Traditional property asset allocation models typically involve either the acquisition of a specific retail property or investing in one of a myriad of unlisted property trusts or listed shares in Australian real estate investment trusts (AREIT).
For investors, their returns come via income and capital growth, with their investment goals determining the focus of their choice. For SMSFs in pension phase, for example, the need for income may suggest an unlisted commercial property trust. By contrast, a young couple might look to negatively gear a residential property for the capital growth.
Then there’s the issue of how individuals invest. Those with padded wallets might want to look at small direct commercial, retail or industrial properties according to their preference and insights. In some instances, accountants and financial advisers organise syndicates for their clients to acquire a more significant property. Others will be more attracted to the housing market.
But for some mum-and-dad investors, they may be limited to investing a smallish amount in a property trust, thereby eliminating direct purchase altogether, particularly as residential in most major capital cities is expensive. The bottom line is all options have their pluses and minuses.
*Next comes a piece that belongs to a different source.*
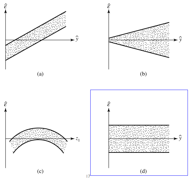 Y값에 따른 잔차를 plot 했을 때는 (d)의 경우처럼 일정해야 한다.

AREITs and unlisted property trusts mostly invest in larger commercial properties, such as office towers, shopping centres and industrial property. Whether investors opt for a listed or unlisted vehicle, there are four key factors to consider: investment amount, liquidity, volatility and income distributions.
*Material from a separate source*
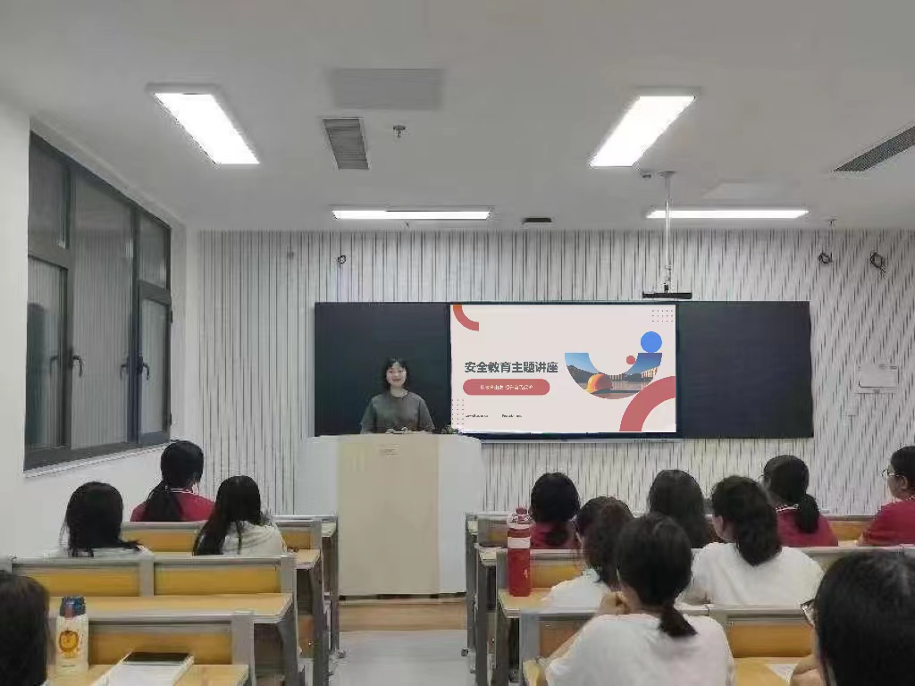 夏老师以“安全教育,由心出发”为主题,向新生们普及了有关网络安全、消防安全、交通安全等多方面的知识,旨在增强新生安全防范意识,营造一个美好、和谐、文明的校园环境。夏老师首先通过校园中的几种常见可能危害到人身安全的案例引起同学们的注意,从而引出遇到危机事件的应对方式。她表示,遇到危险情况,人身安全是第一位的,要“斗智”不要“斗勇”。另一方面,她还就学生的财产安全进行讲解,以学生喜闻乐见的方式使“防诈骗、我在行”的观念入脑、入心、入耳、入行。

AREITs not only offer a cheaper starting point, they also give investors liquidity. Because they are an Australian Securities Exchange-listed stock, their share price changes daily as market conditions change. Although the performance and value of the underlying properties is a factor, prevailing stock market sentiment will usually be the dominant influence on the units’ prices rather than the property value. It also means investors, whether bullish or bearish, can buy or sell accordingly, regardless of the underlying property value.
Unlisted property trusts operate differently. Instead of the market setting the unit price, the underlying property portfolio uses independent valuations to determine entry and exit prices. While this may ensure more price stability, it comes at the cost of liquidity. Unlisted trusts operate with a redemption process rather than an open market buy/sell, so if the fund manager is experiencing liquidity issues, the offering can be frozen. There are plenty of examples of frozen funds as a result of the global financial crisis. And the pooled structure may also be a capital gains tax disincentive.
Where unlisted property trusts have an edge is their regular payment of income, with investors getting monthly or quarterly distributions. By contrast, shareholders in AREITs are likely to only get paid twice a year after the distributions are declared with the half-yearly and annual results. And the yields are usually not as attractive.
However, property investors today are not limited to these traditional investment vehicles. To this end, another option rapidly gaining traction is fractional investing, a term interchangeable with syndication or crowdfunding.
The fractional model enables multiple people to combine their investments to acquire a specific property where they each own a share via a sub-fund that unitises the asset; it’s very similar to investing in stocks, except the underlying asset is property.
The reason its appeal is growing is that it offers several advantages compared with the traditional routes, including greater flexibility, low entry price, easy exit and the opportunity to diversify across different property types and geographic locations. Most of all it offers what other structures don’t – choice. Unlike AREITs or unlisted property trusts, investors are able to choose the property they want.
It also enables groups such as families and friends to join forces in a private syndicate to acquire the property or properties they want. And the fact they have the option of exiting via an online liquidity facility similar to an equities trading platform is a bonus.
For example, the minimum investment via the DomaCom offering is only $2500, enabling almost everyone to get a toehold in the property market. There’s also the opportunity to access leverage of up to 60 per cent of the value of the property.
Where the fractional model will have appeal is to millennials who can use this investment vehicle to access the property market at a fraction of the cost of buying a retail property outright. It means they are getting income and capital growth to assist them in building the capital to eventually buy their own house.
Property is the one investment most Australians like and understand; it’s in their DNA, explaining why more than 2 million own a rental property. With the advent of fractional investing, that number is set to rise.
The fractional model has resulted in a number of strategies emerging for all types of investors. For example:
- young people can invest a small amount in a property they wish to live in and apply to be the tenant, thereby part-owning and part-renting,
- family and friends can club together to acquire an investment property and again one can be the tenant,
- SMSFs can invest via the fractional model without acquiring an entire property and they can also invest with debt without the use of a limited recourse borrowing arrangement,
- SMSFs overweight in property can sell part of the property while retaining part in their fund, and
- investors can come together for a development, such as a dual occupancy or a larger development.
In addition, DomaCom has a fractional model that also embraces the senior equity release market, with a new product disclosure statement for seniors looking to downsize in situ (without moving) and opt for a lump sum or a staggered settlement. Relatives as well as unrelated investors can buy into the property, thereby securing an investment they know and understand while giving equity release to a senior.
The fractional model has many applications and may well be worth a look.